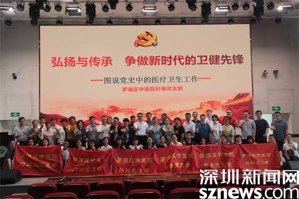 羅湖中醫(yī)院黨委書記林漢群:“針推支部聯(lián)合全院6個支部,在今天這個重要的日子共同為大家展示了一堂精彩的黨課,生動描繪了建黨以來醫(yī)療衛(wèi)生事業(yè)發(fā)展的歷史畫卷,以及不同時期整個衛(wèi)生健康系統(tǒng)的變化,我們這一代人經(jīng)歷了SARS、新冠肺炎,在座每一位同志都自發(fā)地感動、自豪。現(xiàn)在我們處在防控疫情和醫(yī)院發(fā)展的關(guān)鍵時期,全院黨員、群眾齊心協(xié)力,最大限度地發(fā)揮黨支部的戰(zhàn)斗堡壘和黨員的先鋒模范作用,全院上下一心,擰成一股繩,共同書寫羅湖中醫(yī)院發(fā)展的新篇章。”
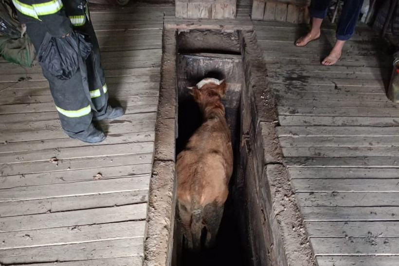 Как оказалось, рогатый провалился в смотровую яму в гараже дома по переулку Трудовому, 5. Самостоятельно хозяева постройки и владельцы скота вызволить его не смогли. Поэтому на подмогу на пожарном автомобиле подоспел дежурный караул. Благодаря оперативным действиям и слаженной работе спасателей животное аккуратно извлекли из ямы без повреждений.
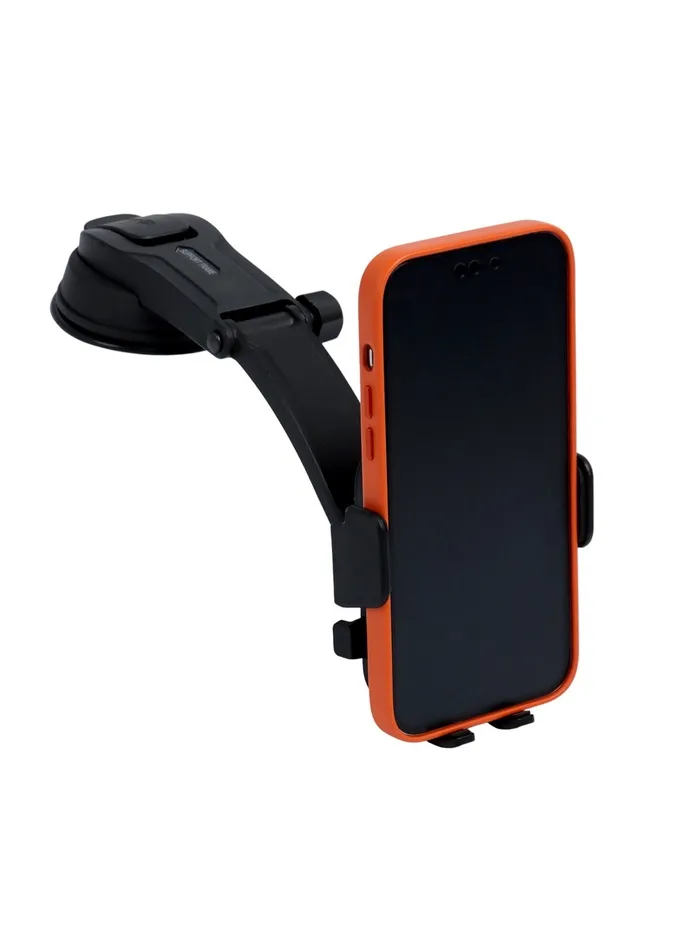 - Надёжный зажим фиксирует устройство и предотвращает его выпадение даже при движении по неровной дороге;
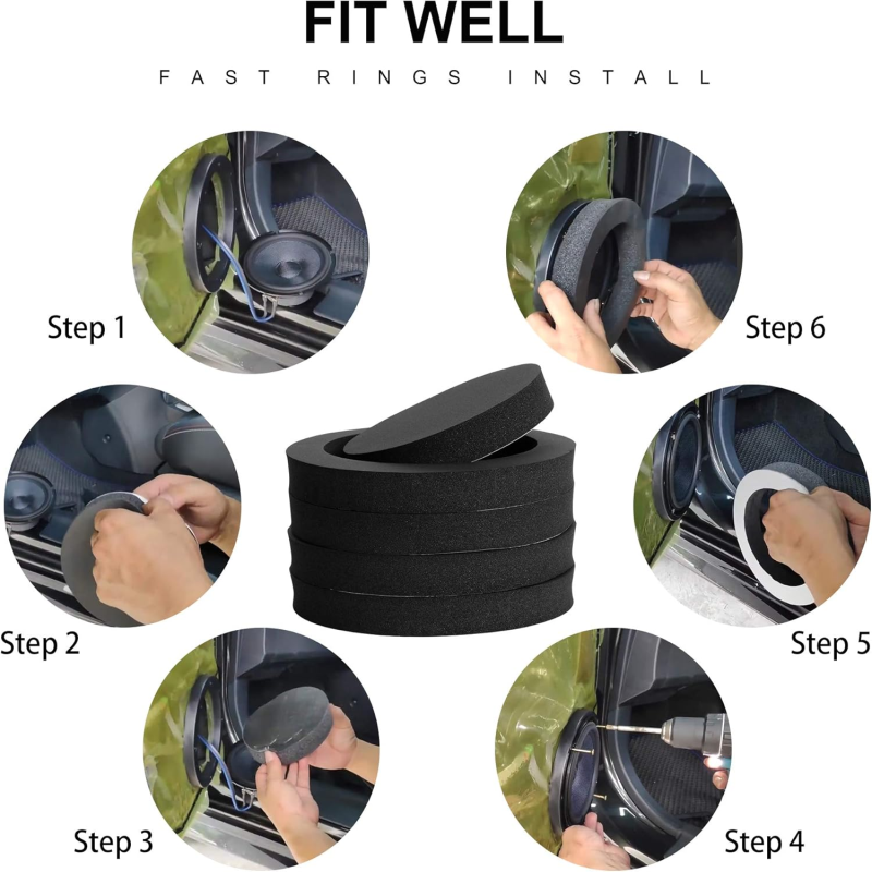 4PCS 4/5/6.5 Inch Car Speaker Sound Insulation Ring Cotton Bass Door Trim Soundproof Foam Pad Self Adhesive Soundproof Cotton
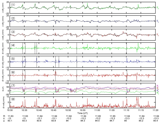 在涡旋结构的边界上,卫星观测到了磁场压缩的特点,根据法拉第定律,磁场变化应该引起垂直于磁场的环形感应电场,而卫星所观测到的感应电场恰好在这个磁场压缩区域存在5~8mV/m的峰值。经过分析估算,这种磁场压缩所引起的感应电场也大约为几个mV/m,与观测到的感应电场吻合得非常好,这说明所观测到的感应电场确实来自于涡旋边界上的磁场压缩效应,从而利用卫星在8万公里外的观测数据对法拉第定律进行了实验验证。这是首次在Kelvin-Helmholtz涡旋边界上观测到由于磁场压缩引起的感应电场。这种感应电场可能是诱发磁场重联过程以及引起太阳风向磁层传输过程的一个重要因素。
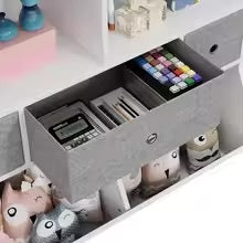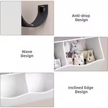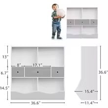 This children's bookcase features open shelves for easy book organization and a large bottom compartment for toys or baskets. It’s designed for easy access by kids, encouraging reading and tidiness. Made from sturdy MDF with an anti-tilt device, it ensures safety and stability. Its compact white design fits well in bedrooms, nurseries, or living spaces, serving as versatile storage for books, toys, or other items. Assembly instructions and hardware are included.
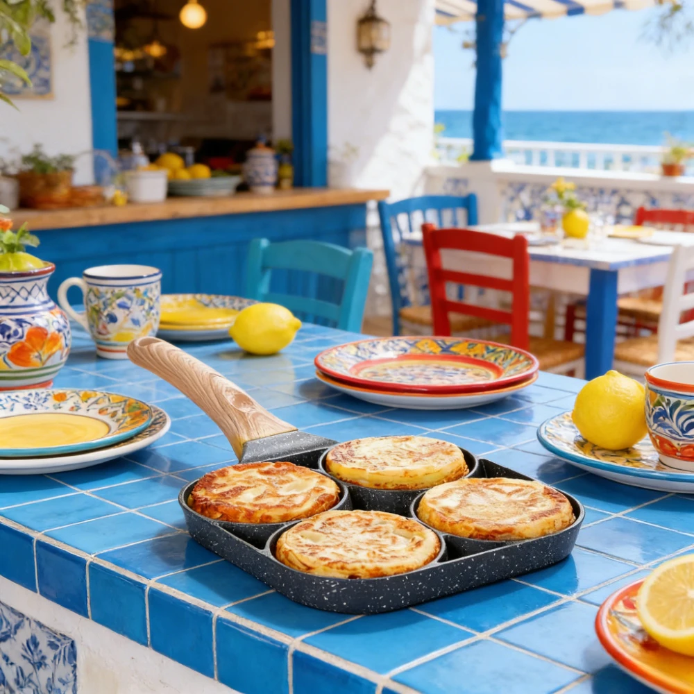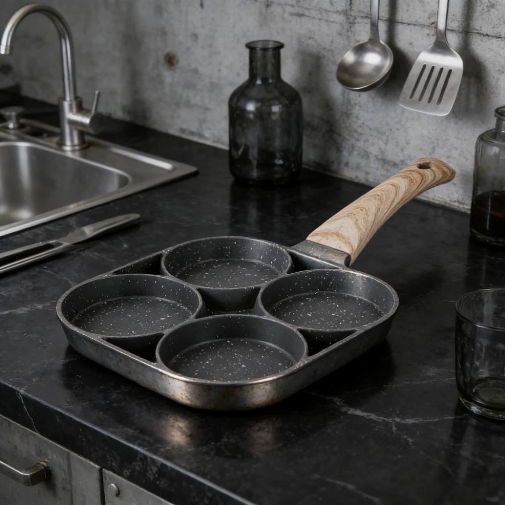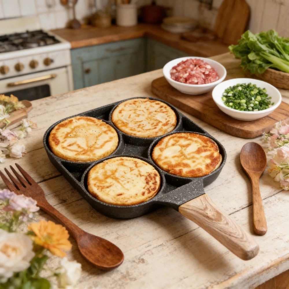 New 4 Hole Omelet Pan is designed for making delicious breakfasts with ease. This versatile pan is perfect for frying eggs, grilling steaks, and preparing various breakfast items. Its non-stick surface ensures easy food release and quick cleaning, making it an essential tool for any kitchen.
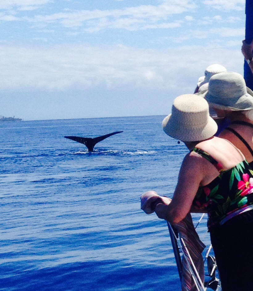 We had all swung right when two very large whales broke the water surface and did a perfectly synchronized double-breach, mid – air. Like 4th of July, the crowd oohed and ahhed. It was as if we were at Sea World watching a dolphin show, but with huge whales, in the wild, with no trainer. Mike said he had seen a double- breach maybe 30 times in his entire life in Hawaii. I had never seen it. What a special moment. No photo of course – – and if I’d had my head glued to a camera I wouldn’t have truly experienced it.
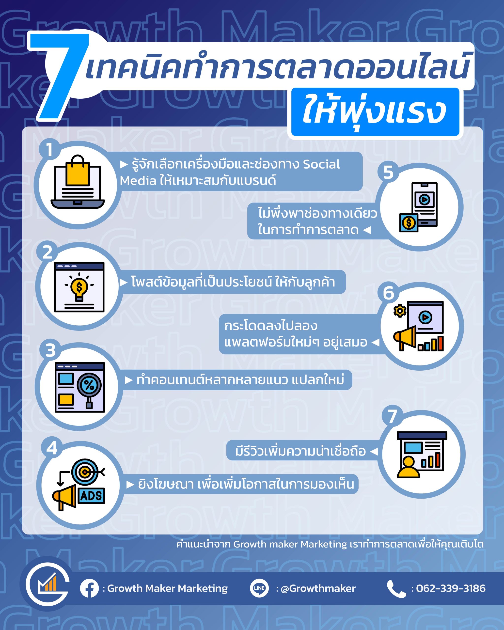 วันนี้ Growth Maker Marketing อยากจะมาแนะนำ 7 เทคนิคการตลาดออนไลน์ ที่จะทำให้ธุรกิจของทุกท่านนั้นรุ่งและพุ่งแรง!!
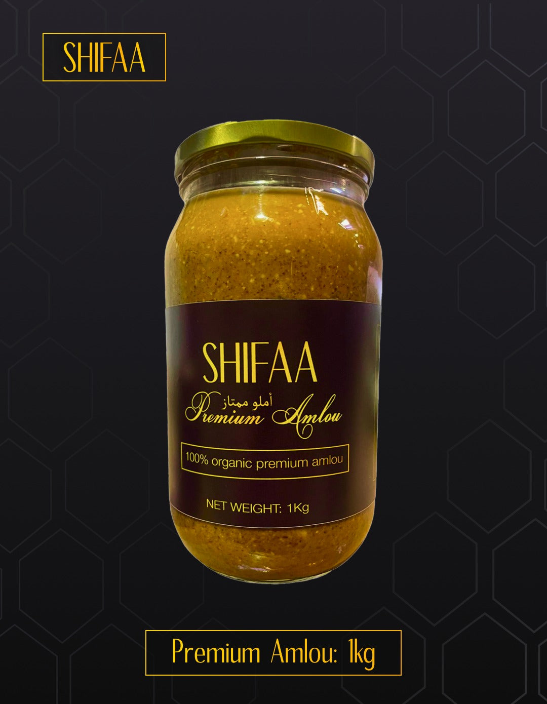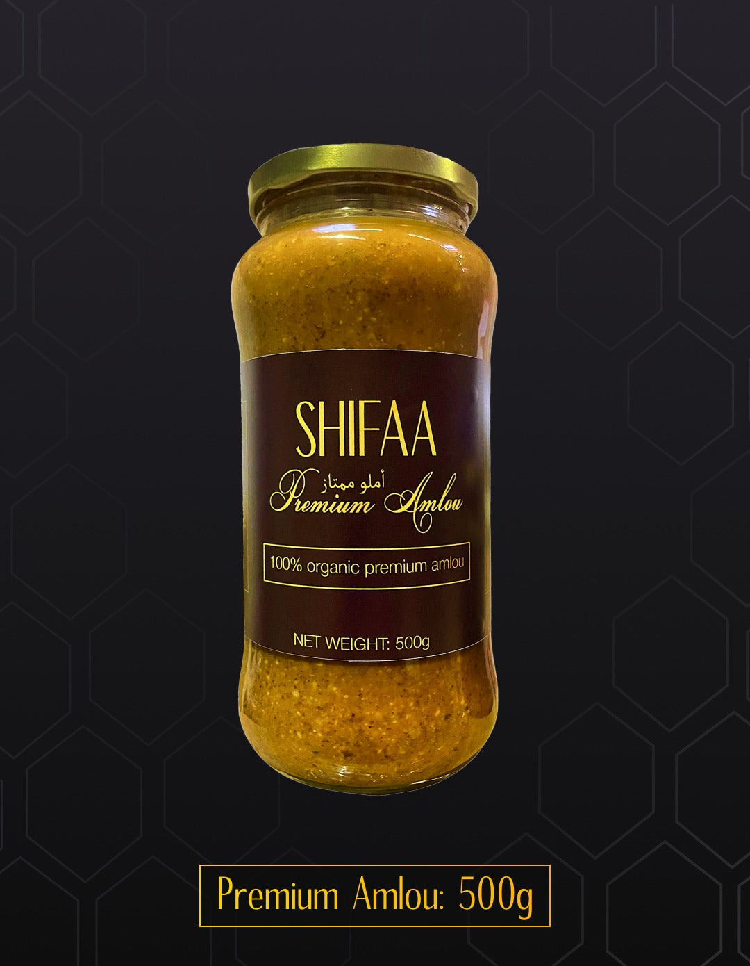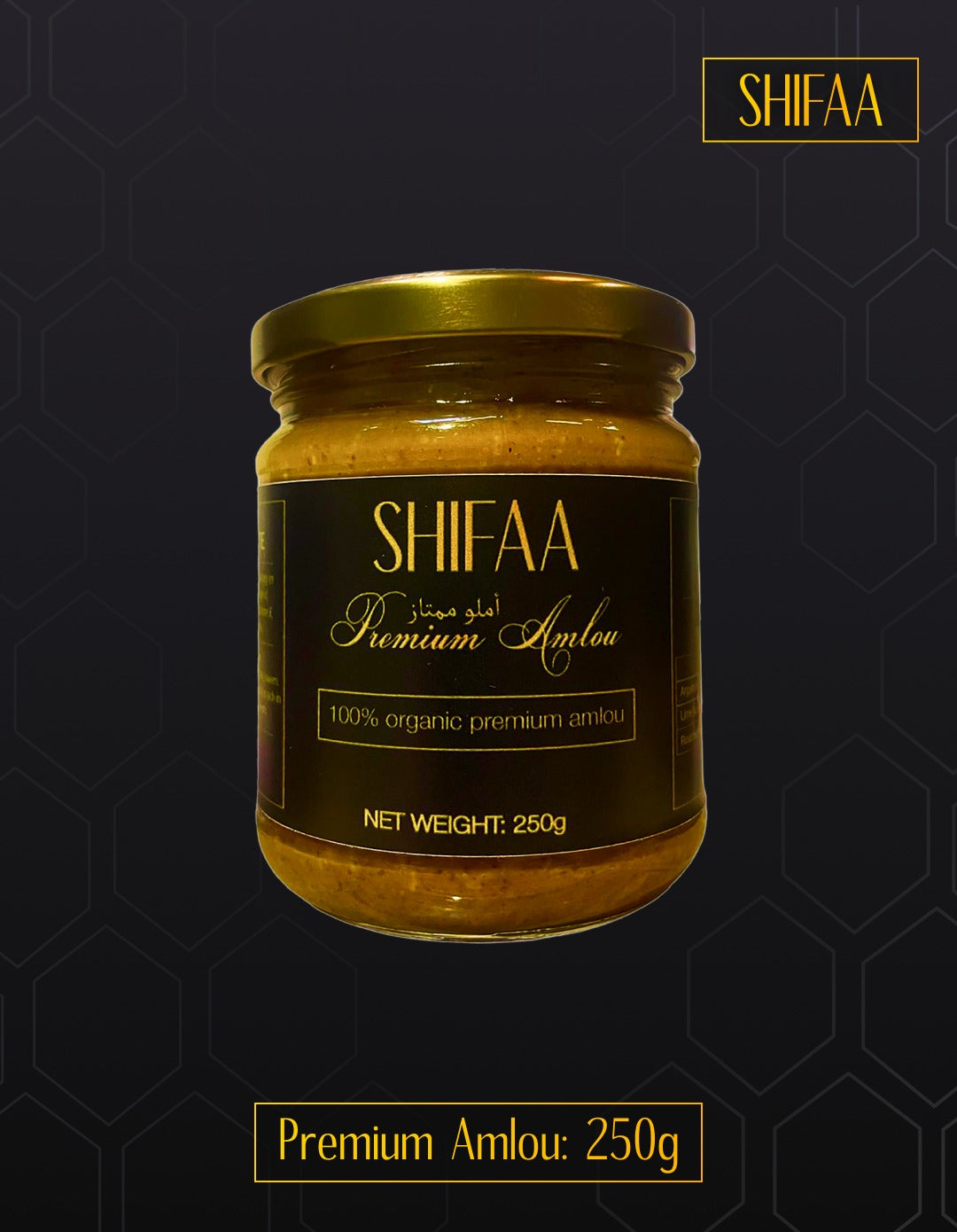Amlou komt uit de regio's van Zuid-Marokko, waar de amandelen en arganbomen in overvloed groeien. Arganolie, het belangrijkste ingrediënt wordt al eeuwenlang gewaardeerd in Marokko vanwege zijn vele gezondheidsvoordelen. Amlou wordt met de hand gemaakt door de amandelen te roosteren, waardoor ze worden gemalen en gemengd met de waardevolle arganolie en honing, wat resulteert in een heerlijke, romige pasta
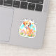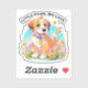Un pegatina con una foto de un cachorro adorable sentado entre las flores. Se ve muy feliz de estar rodeado de flores y mariposas. El regalo perfecto para dar a los que aman los perros perritos. Contiene contenido generativo.
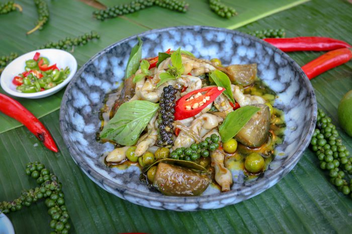นำทีมโดยเชฟสมคิด เกตุแก้ว เชิญชวนทุกท่านมาสัมผัสเอกลักษณ์อาหารพื้นเมืองปักษ์ใต้รสเผ็ดร้อนหนักเครื่องเทศเช่นพล่าปลาทูน่า ปลาน้ำดอกไม้แกงเหลือง หอยหลอดผัดฉ่า หรือจะเป็นเมนูเอาใจคนไม่ทานเผ็ดอย่างปลาทรายแดงทอดขมิ้น หรือแม้แต่แต่เตี้ยมภูเก็ตหลากชนิด และเผื่อท้องไว้สำหรับอาหารทะเลสดใหม่ตามฤดูกาล 12 ชนิดบนซีฟู้ดวอลล์ (Seafood Wall) อาทิ กุ้งแม่น้ำ กั้งกระดาน ปูม้า หอยแมงภู่ และปลาหมึกให้เลือกใส่หม้ออวยสีสดใส เพื่อนำไปให้เชฟปรุงสดไม่ว่าจะเป็น ผัดผงกระหรี่ ผัดพริกไทยดำ ผัดกระเทียม หรือเผาได้ตามใจแบบไม่อั้น
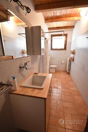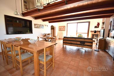 Entrandovi siamo accolti da un delizioso salone con camino: un ambiente che si distingue anzitutto per la grande luminosità. Caratteristica, quest'ultima, favorita dalla presenza di una ampia porta finestra che consente l'accesso alla corte esterna e al tempo stesso offre una bellissima vista sulle colline. Nel salone troviamo anche un grazioso soppalco che dona ulteriore personalità all'immobile.
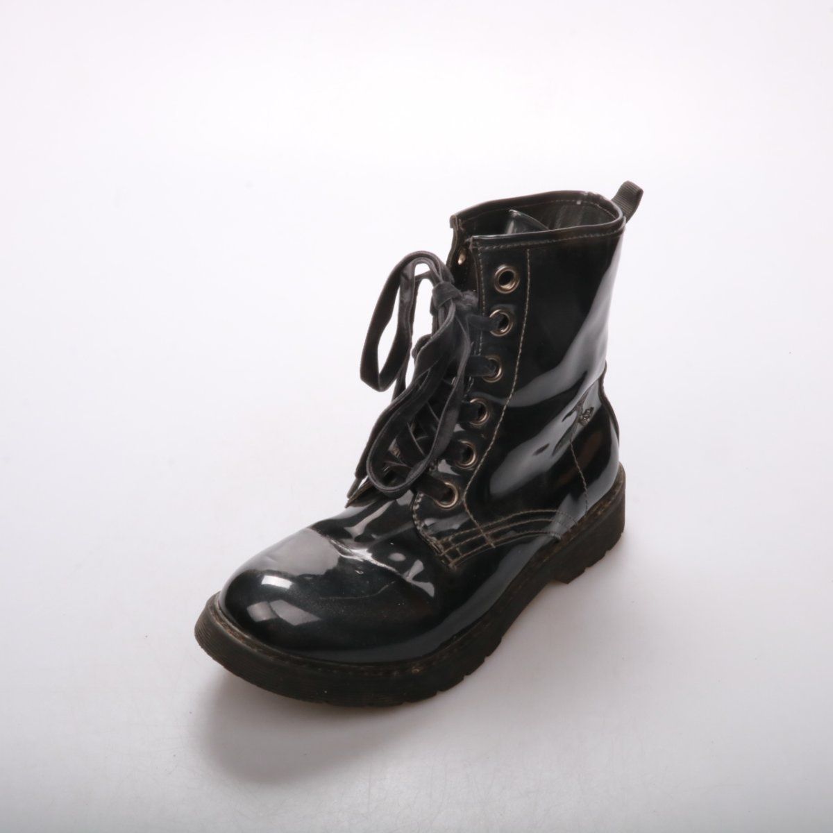 Лаковые ботинки на шнуровке в чёрном цвете, с круглым носком и рифлёной подошвой. Подойдут для повседневных образов в демисезон и прохладную погоду. Практичное преимущество — плотная подошва даёт хорошее сцепление на мокрой дороге.

■ What the exercise asks:
Could you retype every record above exactly, leaving the pictures out?

■ Exercise solution:
 羅湖中醫(yī)院黨委書記林漢群:“針推支部聯(lián)合全院6個支部,在今天這個重要的日子共同為大家展示了一堂精彩的黨課,生動描繪了建黨以來醫(yī)療衛(wèi)生事業(yè)發(fā)展的歷史畫卷,以及不同時期整個衛(wèi)生健康系統(tǒng)的變化,我們這一代人經(jīng)歷了SARS、新冠肺炎,在座每一位同志都自發(fā)地感動、自豪。現(xiàn)在我們處在防控疫情和醫(yī)院發(fā)展的關(guān)鍵時期,全院黨員、群眾齊心協(xié)力,最大限度地發(fā)揮黨支部的戰(zhàn)斗堡壘和黨員的先鋒模范作用,全院上下一心,擰成一股繩,共同書寫羅湖中醫(yī)院發(fā)展的新篇章。”
 Как оказалось, рогатый провалился в смотровую яму в гараже дома по переулку Трудовому, 5. Самостоятельно хозяева постройки и владельцы скота вызволить его не смогли. Поэтому на подмогу на пожарном автомобиле подоспел дежурный караул. Благодаря оперативным действиям и слаженной работе спасателей животное аккуратно извлекли из ямы без повреждений.
 - Надёжный зажим фиксирует устройство и предотвращает его выпадение даже при движении по неровной дороге;
 4PCS 4/5/6.5 Inch Car Speaker Sound Insulation Ring Cotton Bass Door Trim Soundproof Foam Pad Self Adhesive Soundproof Cotton
 在涡旋结构的边界上,卫星观测到了磁场压缩的特点,根据法拉第定律,磁场变化应该引起垂直于磁场的环形感应电场,而卫星所观测到的感应电场恰好在这个磁场压缩区域存在5~8mV/m的峰值。经过分析估算,这种磁场压缩所引起的感应电场也大约为几个mV/m,与观测到的感应电场吻合得非常好,这说明所观测到的感应电场确实来自于涡旋边界上的磁场压缩效应,从而利用卫星在8万公里外的观测数据对法拉第定律进行了实验验证。这是首次在Kelvin-Helmholtz涡旋边界上观测到由于磁场压缩引起的感应电场。这种感应电场可能是诱发磁场重联过程以及引起太阳风向磁层传输过程的一个重要因素。
 This children's bookcase features open shelves for easy book organization and a large bottom compartment for toys or baskets. It’s designed for easy access by kids, encouraging reading and tidiness. Made from sturdy MDF with an anti-tilt device, it ensures safety and stability. Its compact white design fits well in bedrooms, nurseries, or living spaces, serving as versatile storage for books, toys, or other items. Assembly instructions and hardware are included.
 New 4 Hole Omelet Pan is designed for making delicious breakfasts with ease. This versatile pan is perfect for frying eggs, grilling steaks, and preparing various breakfast items. Its non-stick surface ensures easy food release and quick cleaning, making it an essential tool for any kitchen.
 We had all swung right when two very large whales broke the water surface and did a perfectly synchronized double-breach, mid – air. Like 4th of July, the crowd oohed and ahhed. It was as if we were at Sea World watching a dolphin show, but with huge whales, in the wild, with no trainer. Mike said he had seen a double- breach maybe 30 times in his entire life in Hawaii. I had never seen it. What a special moment. No photo of course – – and if I’d had my head glued to a camera I wouldn’t have truly experienced it.
 วันนี้ Growth Maker Marketing อยากจะมาแนะนำ 7 เทคนิคการตลาดออนไลน์ ที่จะทำให้ธุรกิจของทุกท่านนั้นรุ่งและพุ่งแรง!!
Amlou komt uit de regio's van Zuid-Marokko, waar de amandelen en arganbomen in overvloed groeien. Arganolie, het belangrijkste ingrediënt wordt al eeuwenlang gewaardeerd in Marokko vanwege zijn vele gezondheidsvoordelen. Amlou wordt met de hand gemaakt door de amandelen te roosteren, waardoor ze worden gemalen en gemengd met de waardevolle arganolie en honing, wat resulteert in een heerlijke, romige pasta
Un pegatina con una foto de un cachorro adorable sentado entre las flores. Se ve muy feliz de estar rodeado de flores y mariposas. El regalo perfecto para dar a los que aman los perros perritos. Contiene contenido generativo.
นำทีมโดยเชฟสมคิด เกตุแก้ว เชิญชวนทุกท่านมาสัมผัสเอกลักษณ์อาหารพื้นเมืองปักษ์ใต้รสเผ็ดร้อนหนักเครื่องเทศเช่นพล่าปลาทูน่า ปลาน้ำดอกไม้แกงเหลือง หอยหลอดผัดฉ่า หรือจะเป็นเมนูเอาใจคนไม่ทานเผ็ดอย่างปลาทรายแดงทอดขมิ้น หรือแม้แต่แต่เตี้ยมภูเก็ตหลากชนิด และเผื่อท้องไว้สำหรับอาหารทะเลสดใหม่ตามฤดูกาล 12 ชนิดบนซีฟู้ดวอลล์ (Seafood Wall) อาทิ กุ้งแม่น้ำ กั้งกระดาน ปูม้า หอยแมงภู่ และปลาหมึกให้เลือกใส่หม้ออวยสีสดใส เพื่อนำไปให้เชฟปรุงสดไม่ว่าจะเป็น ผัดผงกระหรี่ ผัดพริกไทยดำ ผัดกระเทียม หรือเผาได้ตามใจแบบไม่อั้น
 Entrandovi siamo accolti da un delizioso salone con camino: un ambiente che si distingue anzitutto per la grande luminosità. Caratteristica, quest'ultima, favorita dalla presenza di una ampia porta finestra che consente l'accesso alla corte esterna e al tempo stesso offre una bellissima vista sulle colline. Nel salone troviamo anche un grazioso soppalco che dona ulteriore personalità all'immobile.
 Лаковые ботинки на шнуровке в чёрном цвете, с круглым носком и рифлёной подошвой. Подойдут для повседневных образов в демисезон и прохладную погоду. Практичное преимущество — плотная подошва даёт хорошее сцепление на мокрой дороге.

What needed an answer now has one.